▶ **Dataset records**
»»
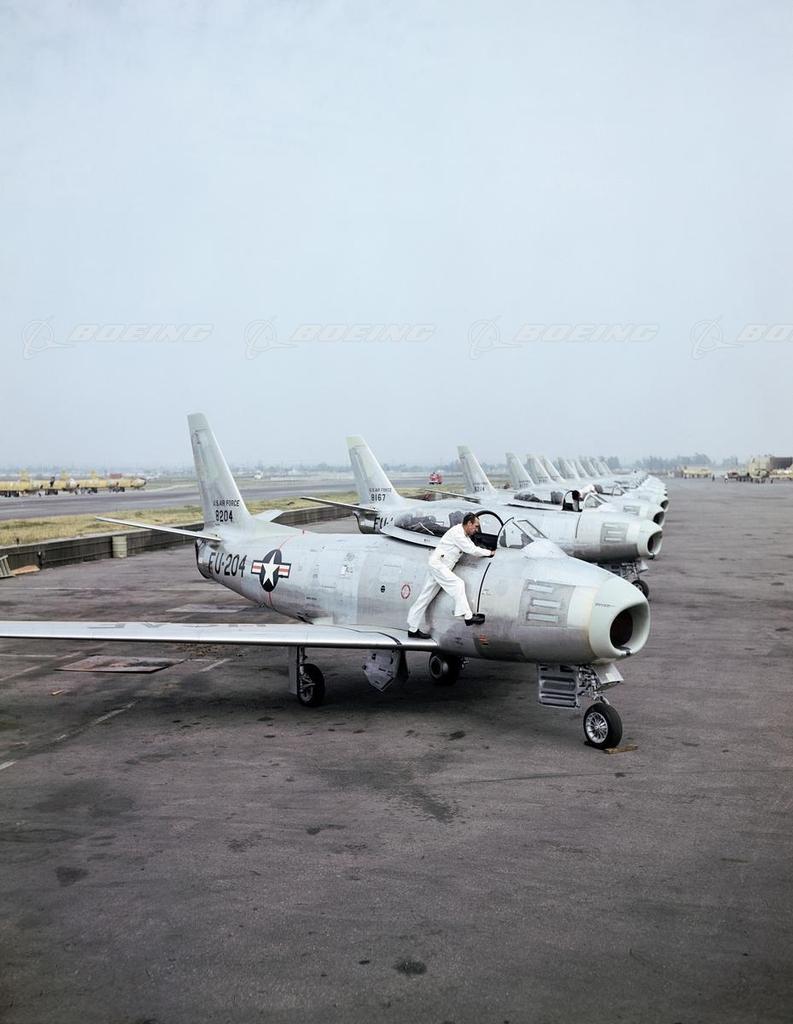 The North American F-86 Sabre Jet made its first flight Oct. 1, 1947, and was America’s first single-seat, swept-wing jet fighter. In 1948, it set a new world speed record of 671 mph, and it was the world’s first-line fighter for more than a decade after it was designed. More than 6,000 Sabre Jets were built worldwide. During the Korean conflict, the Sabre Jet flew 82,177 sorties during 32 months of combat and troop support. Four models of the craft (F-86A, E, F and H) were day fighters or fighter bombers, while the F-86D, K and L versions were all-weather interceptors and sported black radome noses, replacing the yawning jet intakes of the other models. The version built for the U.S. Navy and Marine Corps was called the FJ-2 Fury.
««
»»
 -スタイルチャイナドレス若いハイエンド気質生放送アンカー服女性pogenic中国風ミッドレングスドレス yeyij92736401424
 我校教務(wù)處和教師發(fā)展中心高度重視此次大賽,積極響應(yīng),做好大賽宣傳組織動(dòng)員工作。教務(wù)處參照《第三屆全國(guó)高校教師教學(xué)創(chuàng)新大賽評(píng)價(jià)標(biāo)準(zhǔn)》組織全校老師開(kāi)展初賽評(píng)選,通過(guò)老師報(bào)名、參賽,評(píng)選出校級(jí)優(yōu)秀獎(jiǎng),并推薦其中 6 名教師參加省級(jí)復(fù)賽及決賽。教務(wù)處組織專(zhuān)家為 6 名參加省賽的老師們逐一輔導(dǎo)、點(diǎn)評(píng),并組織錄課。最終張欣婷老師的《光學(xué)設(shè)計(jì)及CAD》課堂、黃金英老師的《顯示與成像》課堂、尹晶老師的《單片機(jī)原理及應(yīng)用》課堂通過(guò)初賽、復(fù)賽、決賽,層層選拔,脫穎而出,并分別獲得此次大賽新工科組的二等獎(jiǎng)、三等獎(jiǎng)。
««
»»
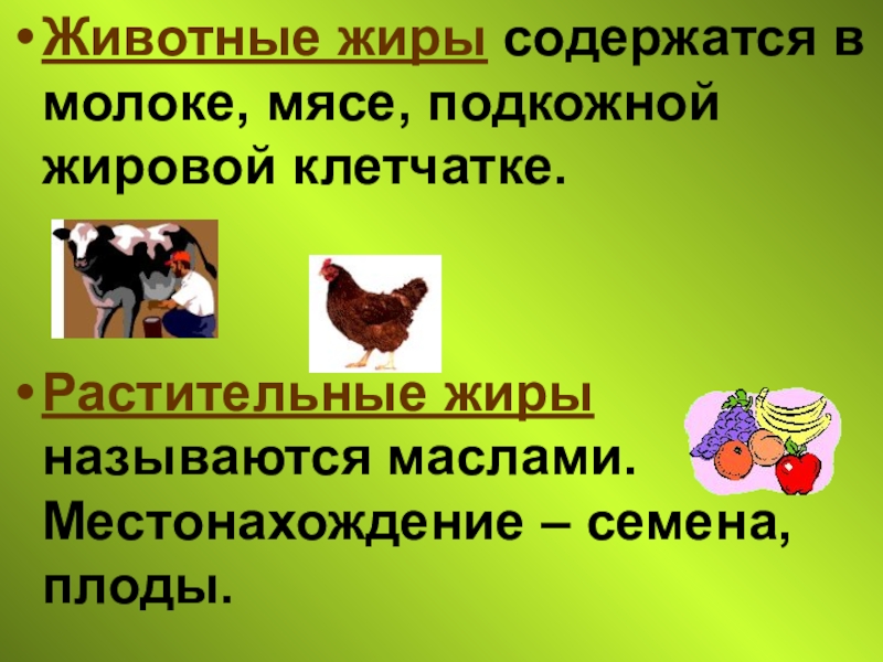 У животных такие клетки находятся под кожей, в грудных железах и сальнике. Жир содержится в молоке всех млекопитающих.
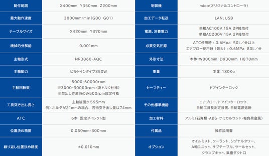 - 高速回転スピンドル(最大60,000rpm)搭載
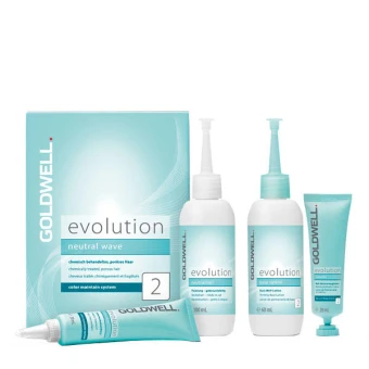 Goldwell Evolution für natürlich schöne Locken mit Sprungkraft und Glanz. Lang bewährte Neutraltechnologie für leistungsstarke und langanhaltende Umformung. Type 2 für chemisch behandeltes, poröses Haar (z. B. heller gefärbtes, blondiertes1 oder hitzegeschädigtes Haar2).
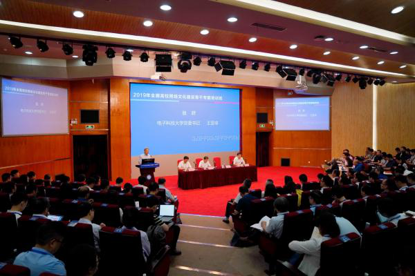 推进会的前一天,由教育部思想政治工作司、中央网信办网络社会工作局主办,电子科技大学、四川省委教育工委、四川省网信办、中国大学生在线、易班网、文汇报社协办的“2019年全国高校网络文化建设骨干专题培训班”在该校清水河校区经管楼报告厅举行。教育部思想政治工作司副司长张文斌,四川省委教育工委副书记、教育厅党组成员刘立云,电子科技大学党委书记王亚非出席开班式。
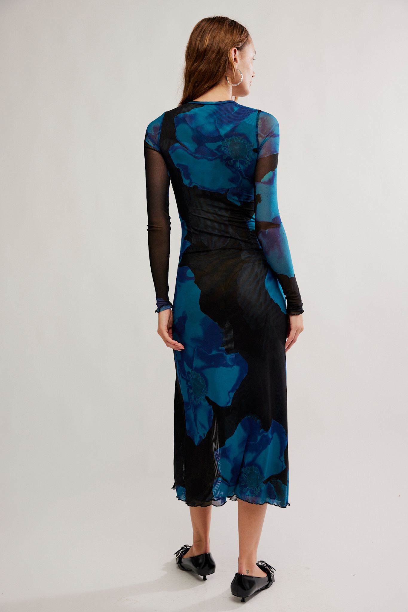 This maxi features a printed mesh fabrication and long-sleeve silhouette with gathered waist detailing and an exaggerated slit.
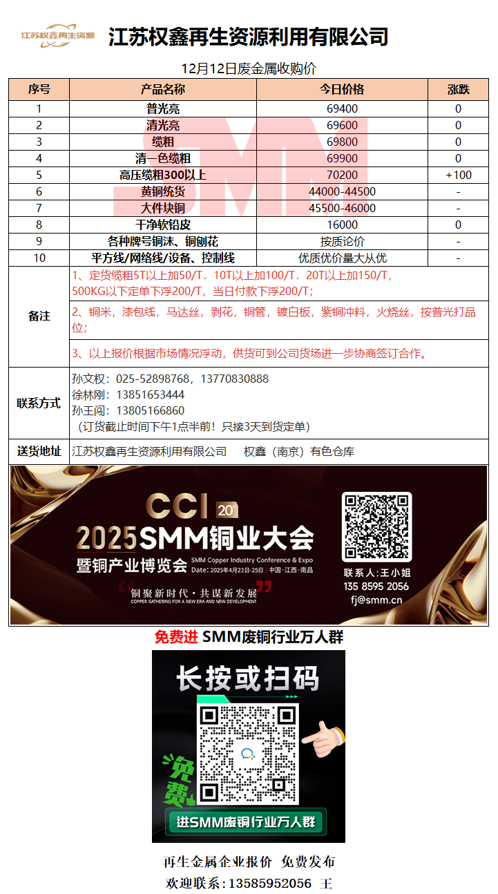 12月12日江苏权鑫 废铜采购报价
««
▶ **Your instructions**
Copy nothing but the lines above from the one with "У животных такие" to the one with "12月12日江苏权鑫 废铜采购报价", inclusive, word for word. Leave every picture out.

▶ **Answer space**
 У животных такие клетки находятся под кожей, в грудных железах и сальнике. Жир содержится в молоке всех млекопитающих.
 - 高速回転スピンドル(最大60,000rpm)搭載
 Goldwell Evolution für natürlich schöne Locken mit Sprungkraft und Glanz. Lang bewährte Neutraltechnologie für leistungsstarke und langanhaltende Umformung. Type 2 für chemisch behandeltes, poröses Haar (z. B. heller gefärbtes, blondiertes1 oder hitzegeschädigtes Haar2).
 推进会的前一天,由教育部思想政治工作司、中央网信办网络社会工作局主办,电子科技大学、四川省委教育工委、四川省网信办、中国大学生在线、易班网、文汇报社协办的“2019年全国高校网络文化建设骨干专题培训班”在该校清水河校区经管楼报告厅举行。教育部思想政治工作司副司长张文斌,四川省委教育工委副书记、教育厅党组成员刘立云,电子科技大学党委书记王亚非出席开班式。
 This maxi features a printed mesh fabrication and long-sleeve silhouette with gathered waist detailing and an exaggerated slit.
 12月12日江苏权鑫 废铜采购报价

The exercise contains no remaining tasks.